Will Kafka Streams guarentee at-least once processing in stateful processors even when Eaxctly-once is disabled?


This question comes in mind as we are running kafka streams applications without EOS enabled due to infra constraints. We are unsure of its behavior when doing some custom logic using transformer/processor API with changeloged state stores .

Say we are using following topology to de-duplicate records before sending to downstream:

[topic] -> [flatTransformValues + state store] -> [...(downstream)]

the transformer here will compare incoming records against the state store and only forward + update the record when there's a value change, so for messages [A:1], [A:1], [A:2], we expect downstream will only get [A:1], [A:2]

Question is when failures happens, is it possible that [A:2] get stored in the state store's changelog, while downstream does not receive the message, so that any retry reading [A:2] will discard the record and its lost forever?

If not, please tell me if any mechanism prevent this happening, one way i think it could work is if kafka stream produce to changelog topics and commit offsets only after produce to downstream succeeds?

Much appreciated!


Solution

  • Question is when failures happens, is it possible that [A:2] get stored in the state store's changelog, while downstream does not receive the message, so that any retry reading [A:2] will discard the record and its lost forever?
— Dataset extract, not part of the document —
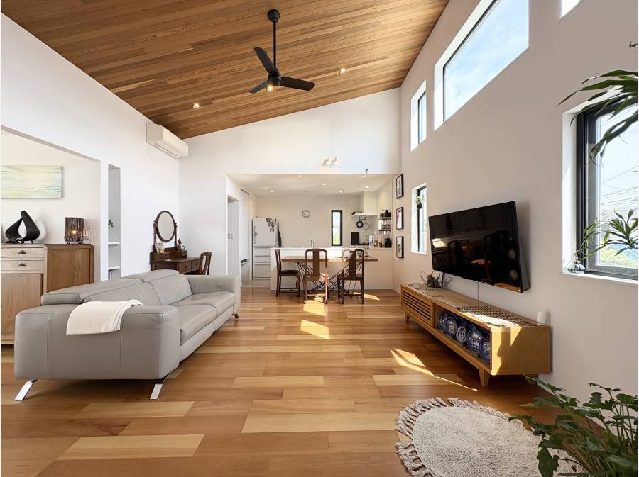 リビングでは、大きな窓からの景色を楽しみながら、心地よい時間を過ごせます。お月見も楽しめる開放感のある窓が特徴で、機能性とデザイン性を兼ね備えた住まいとなっています。
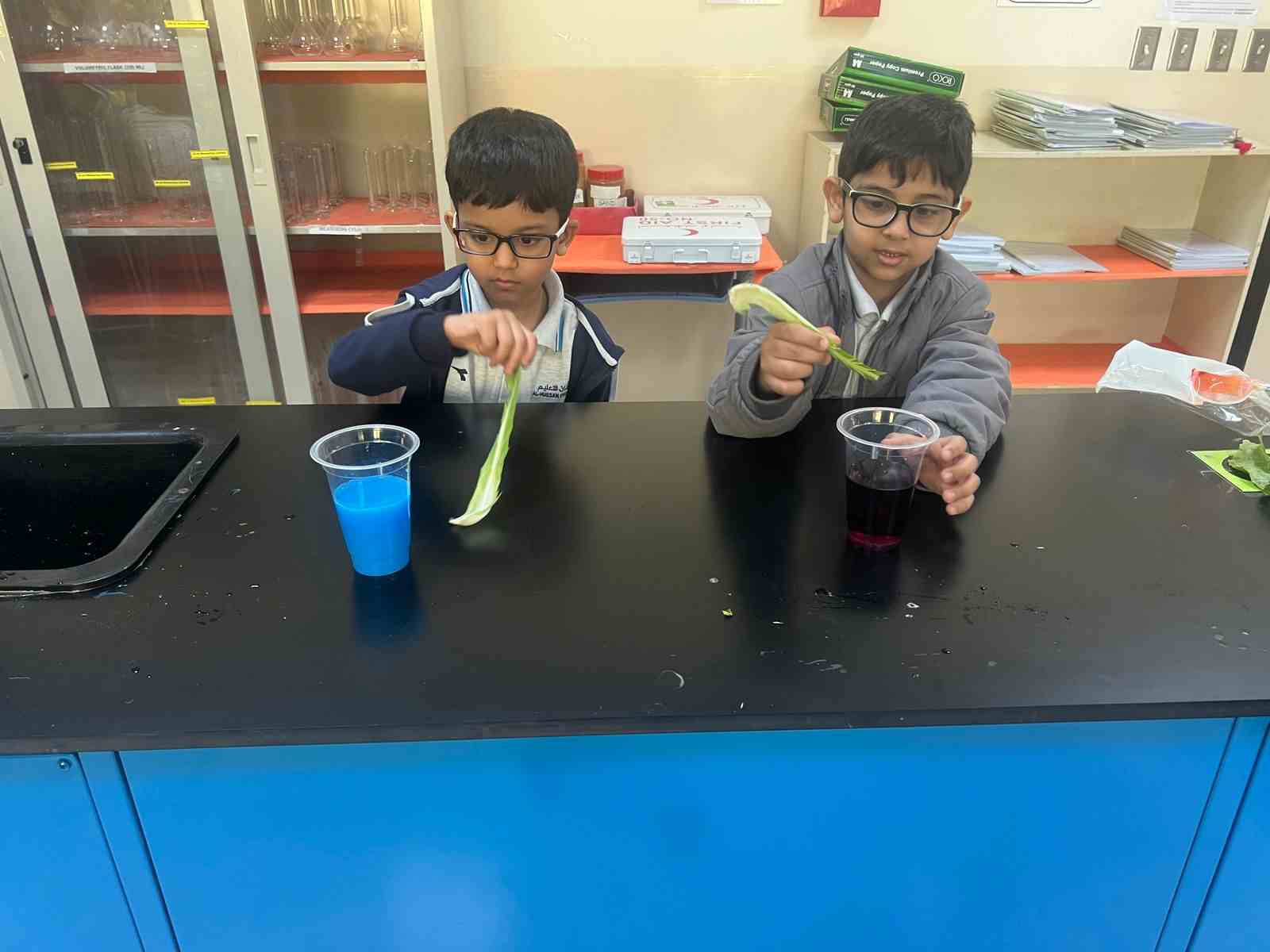 Our grade 1 O students performed a science lab experiment to learn how the stem connects roots to the leafy parts and carries water to the whole plant. They observed the process closely and enjoyed the hands-on activity.

    Yes, that's possible. At-least-once only guarantees that the event will be re-read and re-processed. But for your case, the modified state would modify the second processing and detect the event as a duplicate.

    In the end, it does not make sense anyway, to write a de-duplication program and not use exactly-once guarantees anyways. Even if you could prevent the scenario you describe, using at-least-once processing could introduce duplicates by itself...